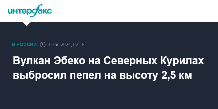 Москва. 3 мая. INTERFAX.RU - Вулкан Эбеко, расположенный на северокурильском острове Парамушир, утром в пятницу выбросил столб пепла на высоту 2,5 км над уровнем моря, сообщается на сайте камчатской группы наблюдения за вулканическими извержениями Института вулканологии и сейсмологии Дальневосточного отделения РАН.
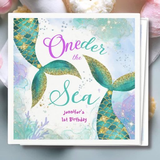 Oneder The Sea! Teal Mermaid Girls 1st Birthday デザイン: H-Art Studio Design
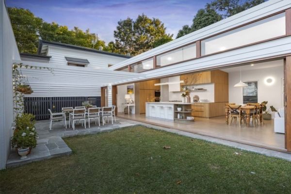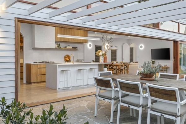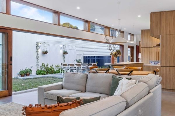 This contemporary home features a calm, refined interior opening up completely to the back deck, driven by clean lines, muted tones, and bespoke joinery throughout.

• _What this task involves_:
Reproduce the material above verbatim; omit every picture.

• _Answer to the problem_:
 Москва. 3 мая. INTERFAX.RU - Вулкан Эбеко, расположенный на северокурильском острове Парамушир, утром в пятницу выбросил столб пепла на высоту 2,5 км над уровнем моря, сообщается на сайте камчатской группы наблюдения за вулканическими извержениями Института вулканологии и сейсмологии Дальневосточного отделения РАН.
 Oneder The Sea! Teal Mermaid Girls 1st Birthday デザイン: H-Art Studio Design
 This contemporary home features a calm, refined interior opening up completely to the back deck, driven by clean lines, muted tones, and bespoke joinery throughout.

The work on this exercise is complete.